# Friesians at the beach



## my2geldings (Feb 18, 2008)

Welcome to the forum


----------



## english_rider144 (Sep 12, 2008)

There so gorgeous! Welcome


----------



## Kiki (Feb 7, 2007)

Thats is gorgeous!! How comfortable are fresians to ride? like it looks magestic but not very comfy


----------



## Hoofprints in the Sand (Nov 23, 2008)

Welcome to the forum! They are beautiful movers!


----------



## DarkChylde (Nov 13, 2008)

Oh great, now I gotta mop up the floor where I done slobbered everywhere..... Good lawd them are sure some pretty horses!
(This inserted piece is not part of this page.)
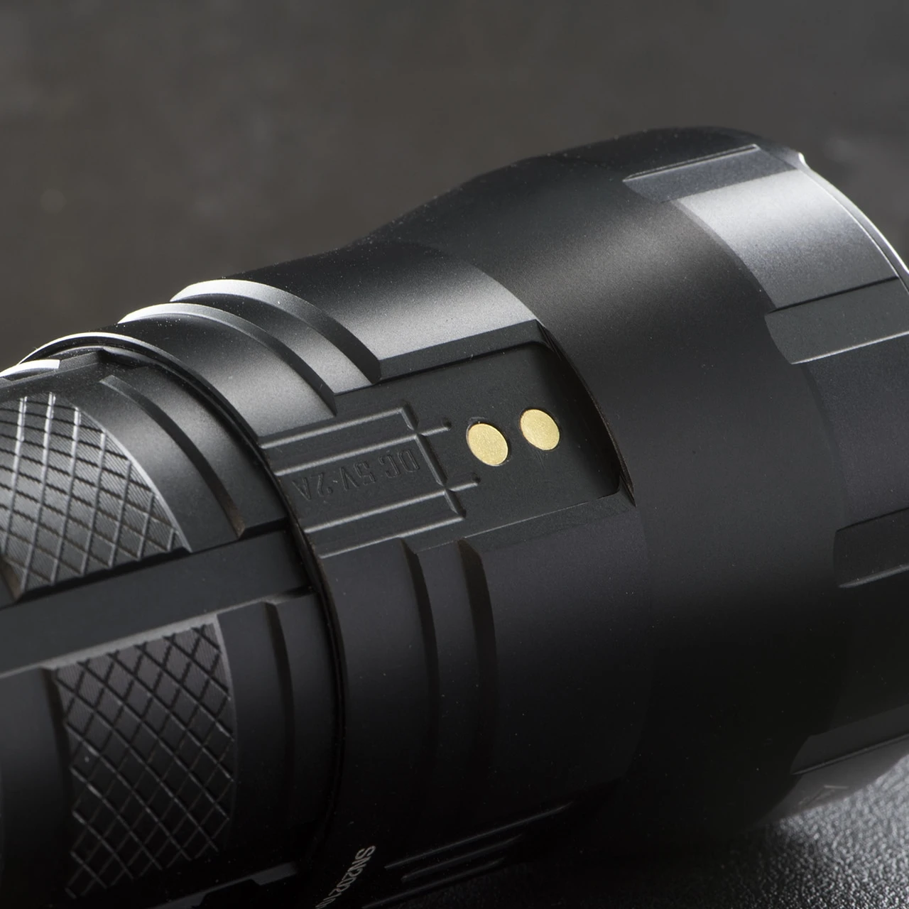 The Imalent RT90 is a rechargeable LED flashlight with a compact, hand held size that blasts out of a 4,800 lumen beam with an extraordinary 1308 meter distance thanks to its deep smooth reflector. This also helps to focus the beam to a stunning spotlight. The amount of light that the IMALENT RT90 flashlight emits is truly remarkabl. It makes it a great option for search and rescue professionals or just to impress your mates! Featuring a strobe setting and 5 additional levels of power it is also perfectly suited to night walking and adventuring.

That Fresian Dutch WB mix cuddn't have been more gorgeous, WOW.:shock:
I am happy for you, in a jealous kind of way......:lol:


Oh yeah, welcome to the Horse Forum!


----------



## shmurmer4 (Dec 27, 2008)

Gorgeous animals but it looks as if I would definitely have wear a cup :|


----------



## DarkChylde (Nov 13, 2008)

Would you need a saucer as well?:lol:


----------



## XxXequinegrlXxX (May 24, 2008)

they are gorgeous.
welcome to the forum =]


----------



## HorseLuva97 (Jan 29, 2009)

beautiful horses


----------



## bgood400 (Nov 10, 2008)

georgeous horses. welcome to the forum! riding on the beach would be something I would LOVE to do!


----------